In most coding languages, an else must match the most recent possible then, so interpretation (1) is correct. In the LR parsing table there will be a shift-reduce conflict: Java ScreenShot

Shifting corresponds to interpretation (1) and reducing to interpretation (2). The ambiguity can be eliminated by introducing auxiliary nonterminals M (for matched statement)and U (for unmatched statement):

S → M
S → U
M → if E then M else M
M → other
U → if E then S
U → if E then M else U

But instead of rewriting the grammar, we can leave the grammar unchanged and tolerate the shift-reduce conflict. In constructing the parsing table this conflict should be resolved by shifting, since we prefer interpretation (1).

It is often possible to use ambiguous grammars by resolving shift-reduce conflicts in favor of shifting or reducing, as appropriate. But it is best to use this technique sparingly, and only in cases (such as the dangling-else described here, and operator-precedence to be described on page 74) that are well understood. Most shift-reduce conflicts, and probably all reduce-reduce conflicts, should not be resolved by fiddling with the parsing table. They are symptoms of an ill-specified grammar, and they should be resolved by eliminating ambiguities.

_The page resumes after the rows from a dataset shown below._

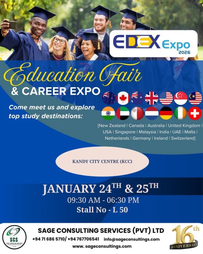 Meet Team Sage at the EDEX Expo 2026 – Kandy, happening at Kandy City Center (KCC) on the 24th & 25th of January, from 9.30 AM to 6.30 PM. Find us at Stall No. L50 and take the first step toward making your overseas education dream a reality! We’re ready to guide you every…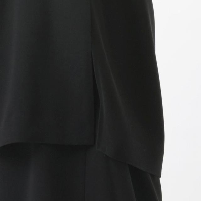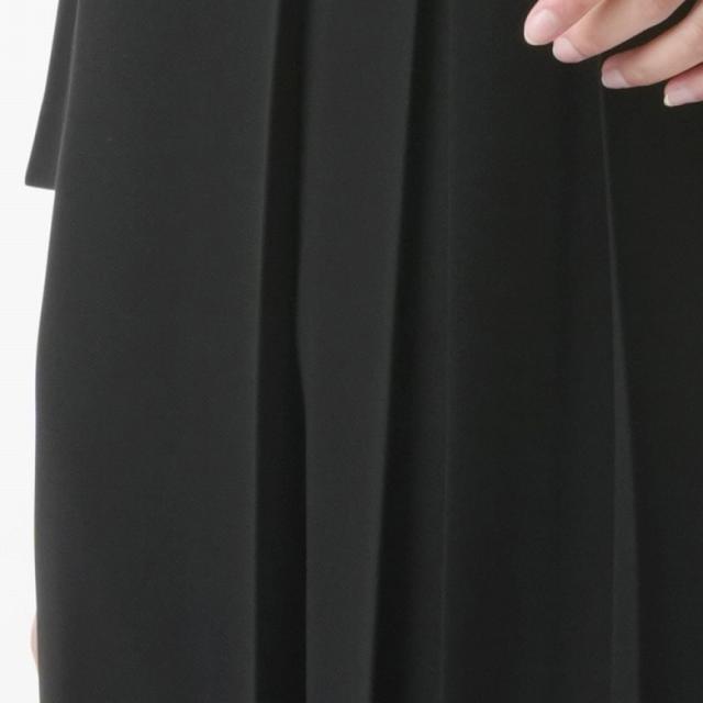 | サイドのスリットで動きやすさ抜群。忙しい葬儀も楽々動けます。 | 身頃の中心に入った縦ラインのプリーツで細くすっきり見えます。 |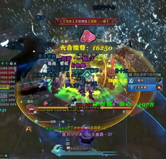 短歌·月落(点名2/6/?个玩家获得月落BUFF,可驱散,也可等时间结束,内功伤害,目前伤害不算很大,BUFF消失后,会在原地留下音障圈,用于躲避问莲。)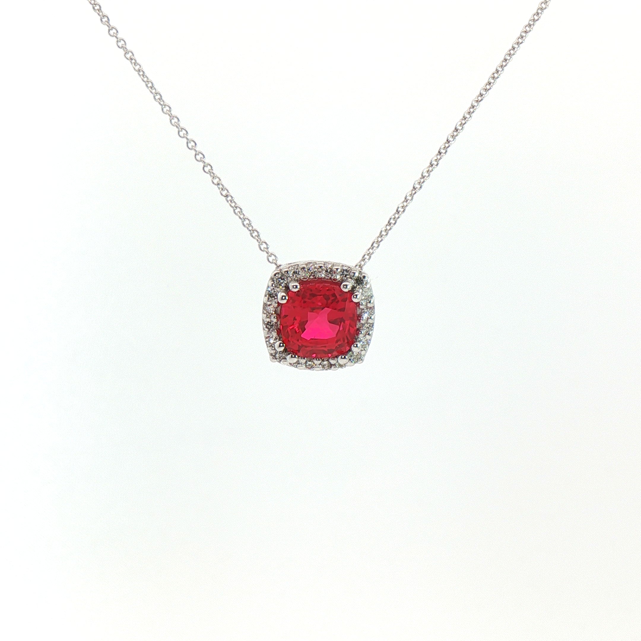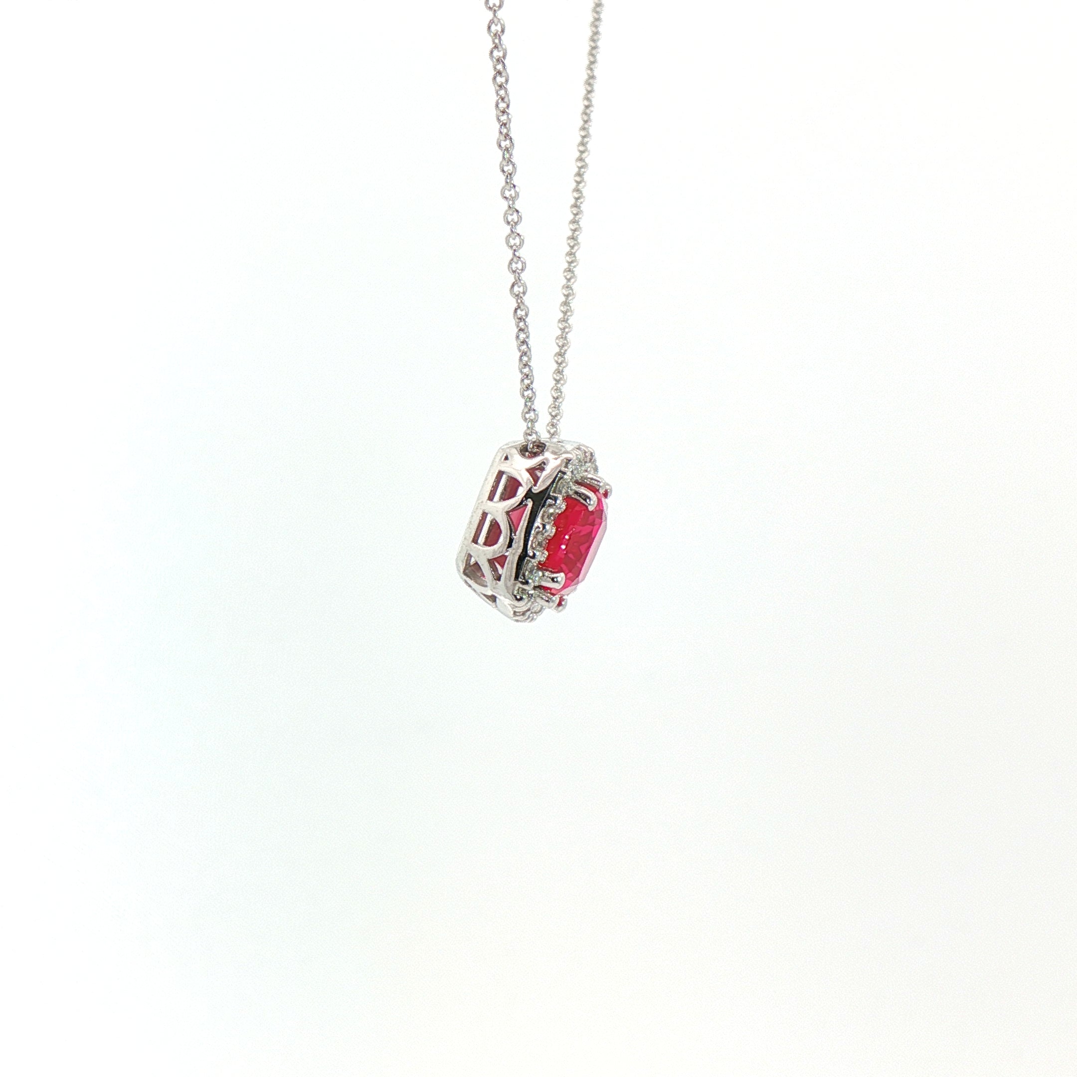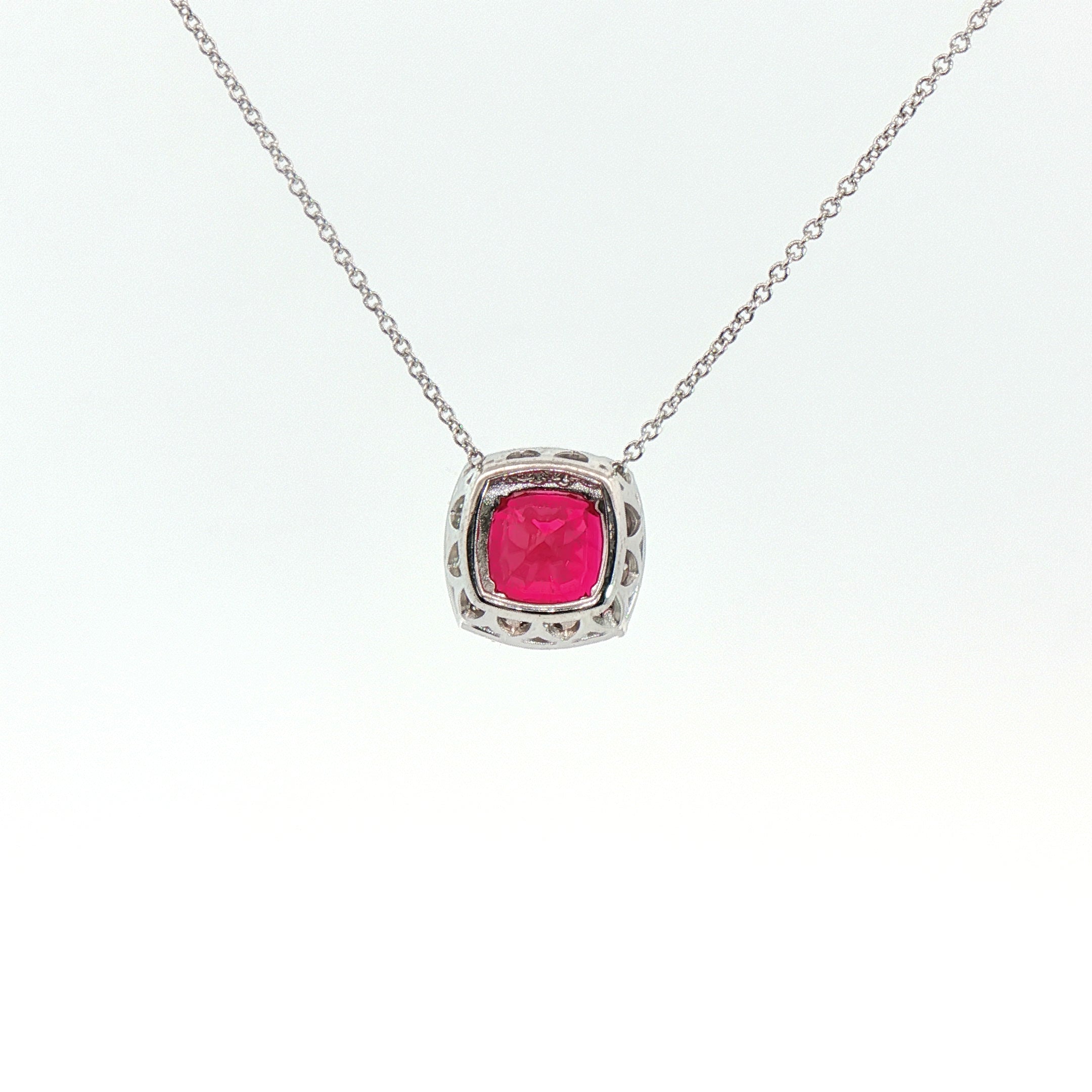 Girocollo in oro bianco con rubino Lab-Grown taglio cuscino e diamanti Lab-Grown taglio brillante.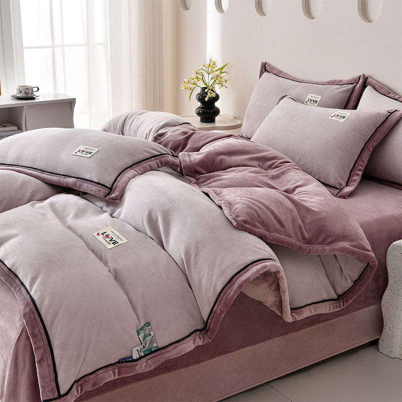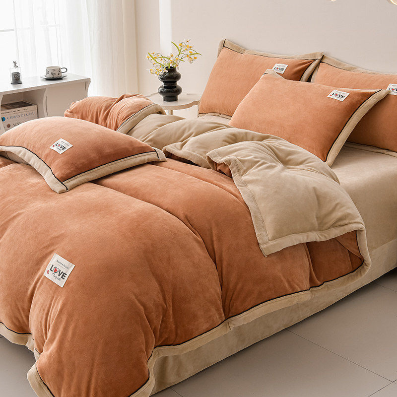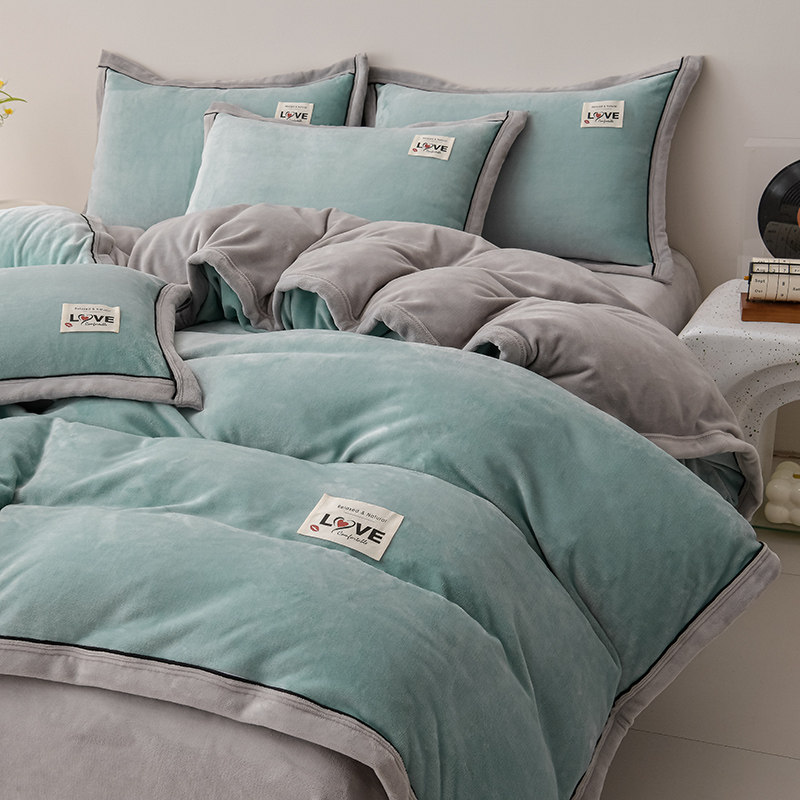冬季加厚牛奶绒四件套珊瑚绒面法兰绒毛被套床单床笠款床上用品三

Shift(n):	Advance input one token; push n on stack.
Reduce(k):	Pop stack as many times as the number of symbols on the right-hand side of rule k;
	Let X be the left-hand-side symbol of rule k; In the state now on top of stack, look up X to get "goto n"; Push n on top of stack.
Accept:	Stop parsing, report success.
Error:	Stop parsing, report failure.